Clock speeds will indeed be lower in multithreaded workloads with the bigger chip, but MT performance will still be higher, since by running at lower frequencies the cores will run at more efficient levels.

For example, a typical i9-12900K at 125W scores about 24000 points and at 65W 17500 points with Cinebench R23. With my voltage-optimized i7-12700K I get ~22000 pts at 125W and ~16500 pts at 65W. I need to overclock my CPU and make it draw 230W or so to get about the same score the i9 gets at 125W.









						AMD Ryzen 9 7950X vs. Intel Core i9-12900K at 125W and 65W | Club386
					

What happens when you dial-down power limits? You might be surprised.




					www.club386.com
				








My own tests:


----------



## kraiggers (Nov 13, 2022)

Solid State Brain said:


> Clock speeds will indeed be lower in multithreaded workloads with the bigger chip, but MT performance will still be higher, since by running at lower frequencies the cores will run at more efficient levels.



I think I understand the non-linear nature of the performance curve.  That's why the i9k, even throttled down to lower power budgets, is faster both at single core AND (somewhat surprisingly) at multi-core workloads.  Though there aren't a ton of articles making that comparison, sadly.



There are two things I still don't really get that I think are relevant to this conversation...

First, does PL1 have _anything_ to do with these performance results?  Is that number meaningful anymore? From the introduction:



> Unlike past generations of processors that were constrained by the Tau time value to hold maximum power draw, or PL2, Alder Lake processors now run at maximum power draw indefinitely if the load demands it and as long as the processor doesn't hit the thermal limit of 105°C. This is done without inventing a new system; Intel simply tweaked the PL1 and PL2 values and set them both to 241 W, which effectively means the processor can run at 241 W all the time as long as it doesn't overheat. The "125 W" limit now only exists on paper and in marketing documents.

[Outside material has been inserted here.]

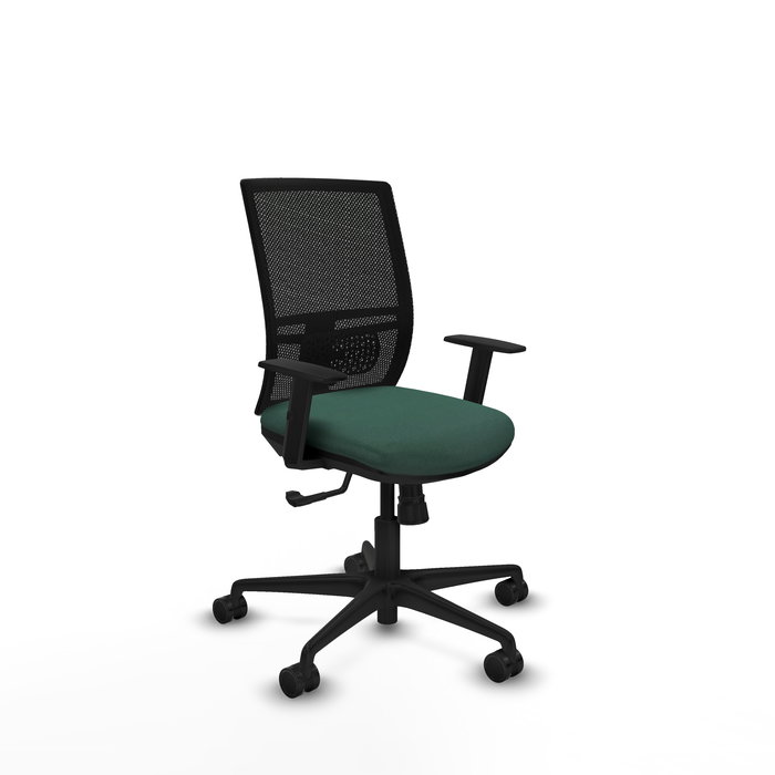 Silla de oficina Yunquera con mecanismo Sincro tapizada con Tela color Verde botella y malla color Negro. Equipada con lumbar 1D, Brazos 1D y Ruedas 65mm nailon

So in all these tests, _*unless specified otherwise*_, are we to assume that PL1=PL2=241w for i9k, PL1=PL2=190 for i7k, and PL1=PL2=150 for i5k?  So in the results for this article, the PL1=PL2=125 gets 86% performance, and the i7k gets 90% — _*but at PL1=PL2=190w*_ — right?





And, how does the performance of the chips change when PL1 is different than PL2?  Say, when PL1=90w (like in the oem HP)?  Maybe that doesn't matter since all three are set at the same PL1=90?


Second — and I guess related to what I wrote above — what are there thermal differences between the three chips (i5k, i7k, i9k) when run *at the same power levels*?  Or, another way, can the i7k run at a higher power level holding heat constant?  (I'm not even sure whether that would be PL1, PL2, or both?)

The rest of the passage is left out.